YOUR GOAL — Would you please write out only the lines running from the top of the listing through the one holding "10月27日 05:47 |", exactly, with both ends kept and pictures left out?
= Beginning of Section =
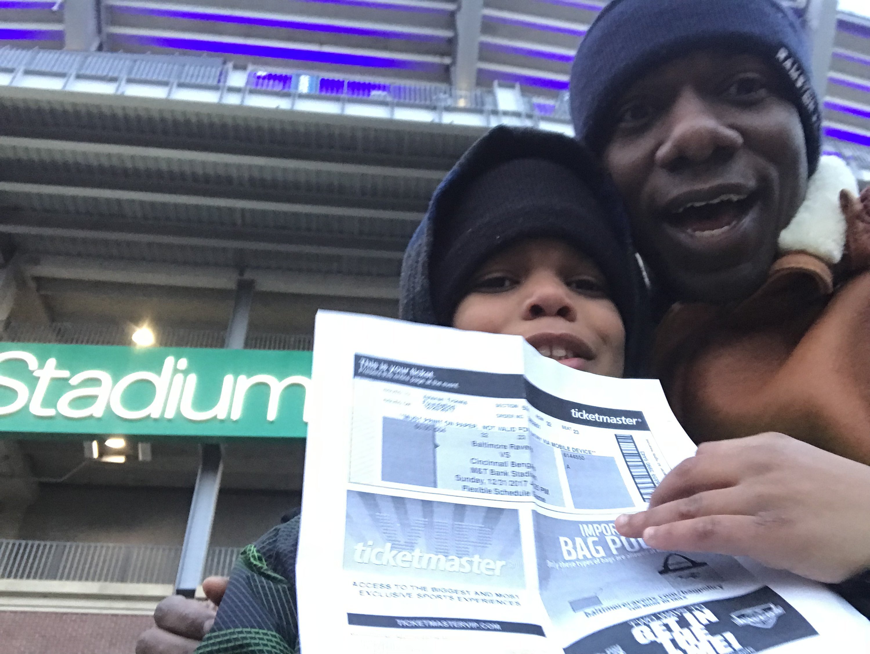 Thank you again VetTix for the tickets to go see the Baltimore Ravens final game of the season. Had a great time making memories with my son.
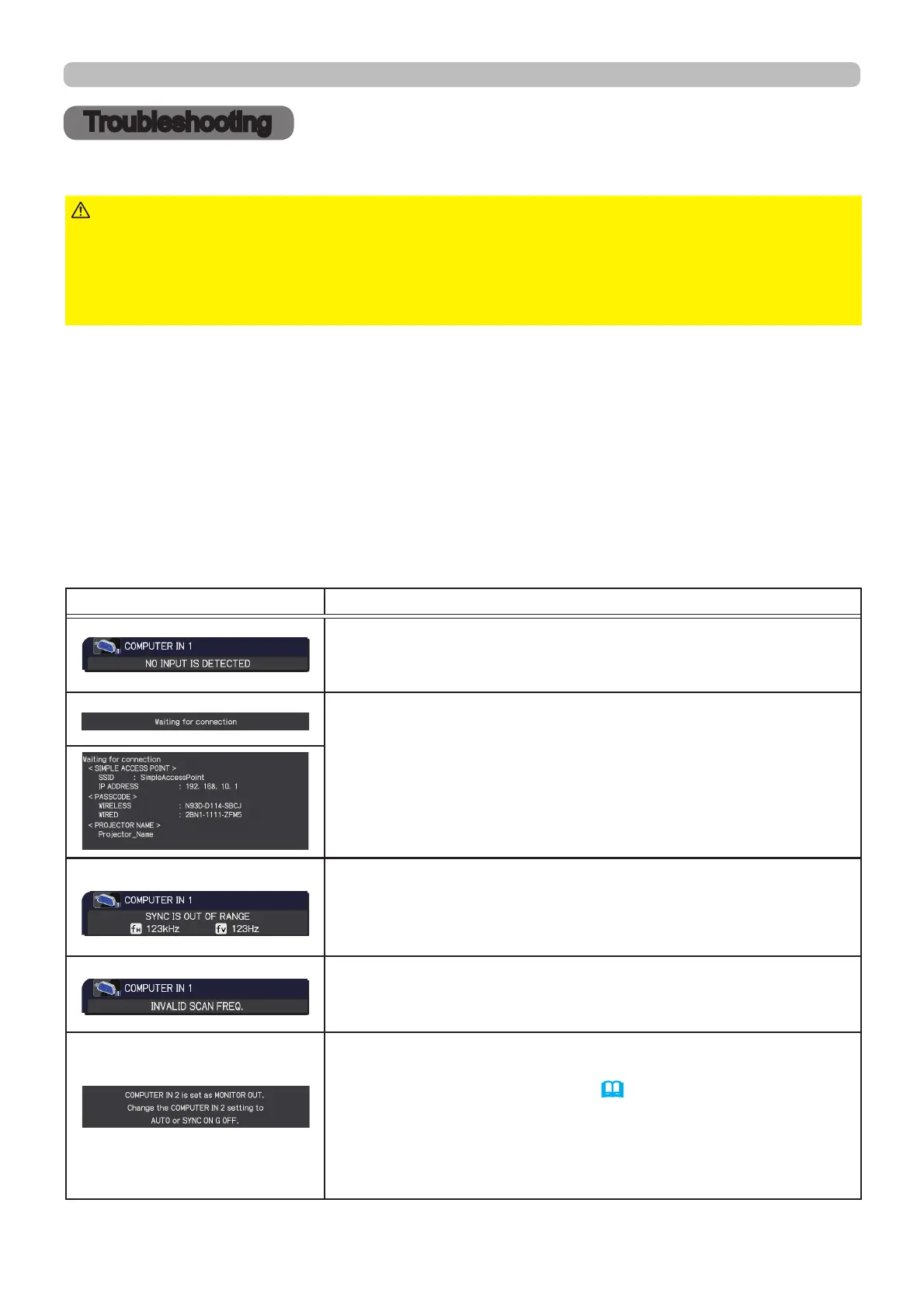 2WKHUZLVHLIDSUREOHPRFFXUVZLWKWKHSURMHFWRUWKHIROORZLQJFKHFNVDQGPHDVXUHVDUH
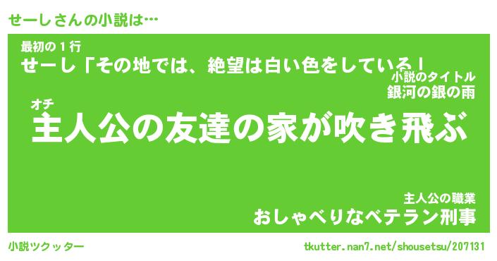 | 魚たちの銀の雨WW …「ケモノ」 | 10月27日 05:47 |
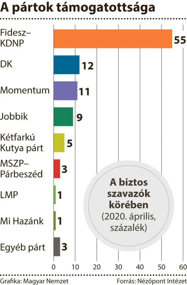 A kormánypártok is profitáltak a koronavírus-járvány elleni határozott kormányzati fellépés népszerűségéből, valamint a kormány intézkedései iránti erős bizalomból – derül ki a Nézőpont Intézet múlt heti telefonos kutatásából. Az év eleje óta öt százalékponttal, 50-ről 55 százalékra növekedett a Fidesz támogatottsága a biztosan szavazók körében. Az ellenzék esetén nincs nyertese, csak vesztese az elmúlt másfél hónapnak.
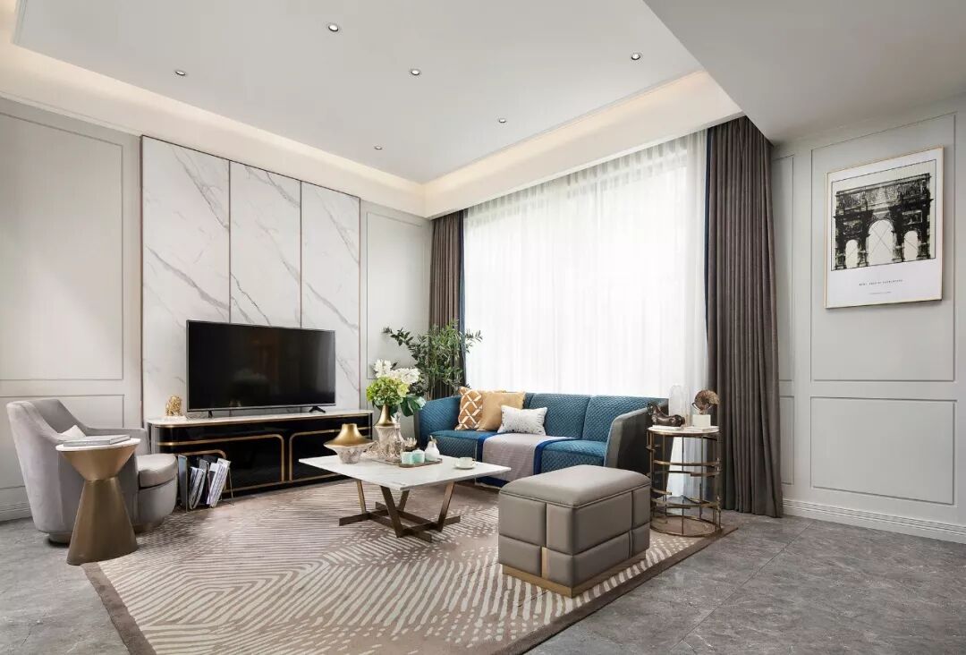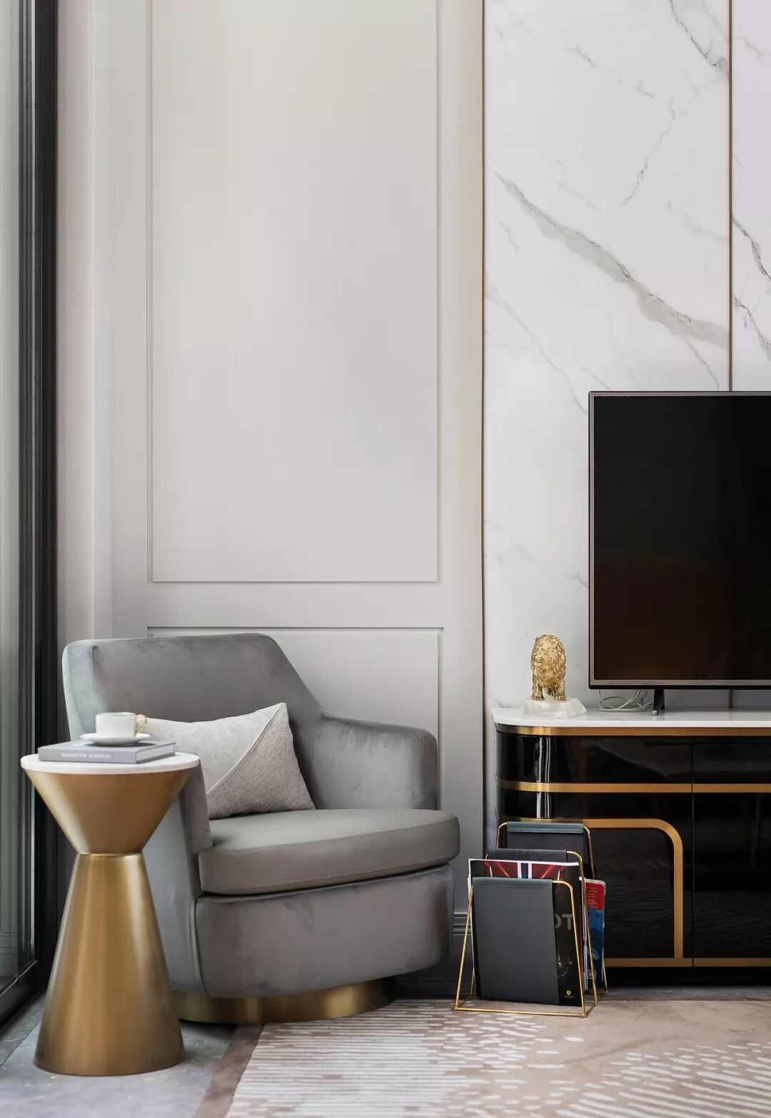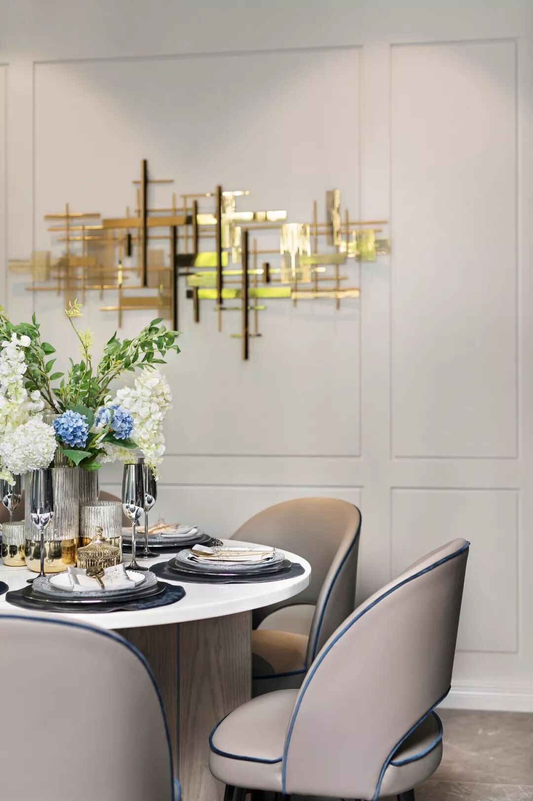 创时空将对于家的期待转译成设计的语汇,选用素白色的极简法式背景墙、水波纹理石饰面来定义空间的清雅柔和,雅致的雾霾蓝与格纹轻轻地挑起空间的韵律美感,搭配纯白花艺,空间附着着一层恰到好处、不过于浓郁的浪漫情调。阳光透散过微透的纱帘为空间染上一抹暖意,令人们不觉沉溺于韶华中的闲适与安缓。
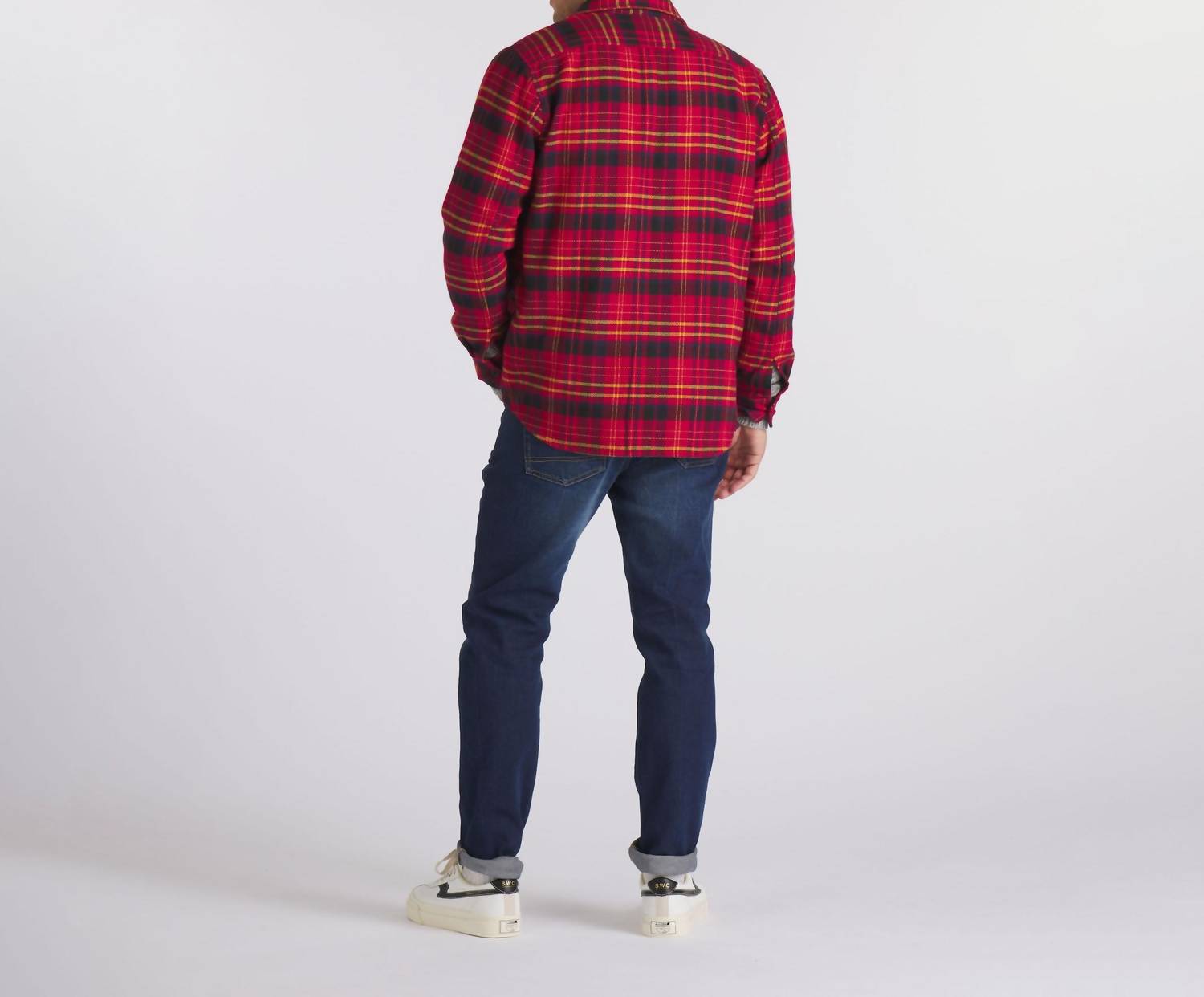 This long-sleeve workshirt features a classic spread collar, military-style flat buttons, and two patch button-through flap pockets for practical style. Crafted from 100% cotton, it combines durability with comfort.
= End of Section =
OUTPUT FOR THIS TASK —
 Thank you again VetTix for the tickets to go see the Baltimore Ravens final game of the season. Had a great time making memories with my son.
 2WKHUZLVHLIDSUREOHPRFFXUVZLWKWKHSURMHFWRUWKHIROORZLQJFKHFNVDQGPHDVXUHVDUH
 | 魚たちの銀の雨WW …「ケモノ」 | 10月27日 05:47 |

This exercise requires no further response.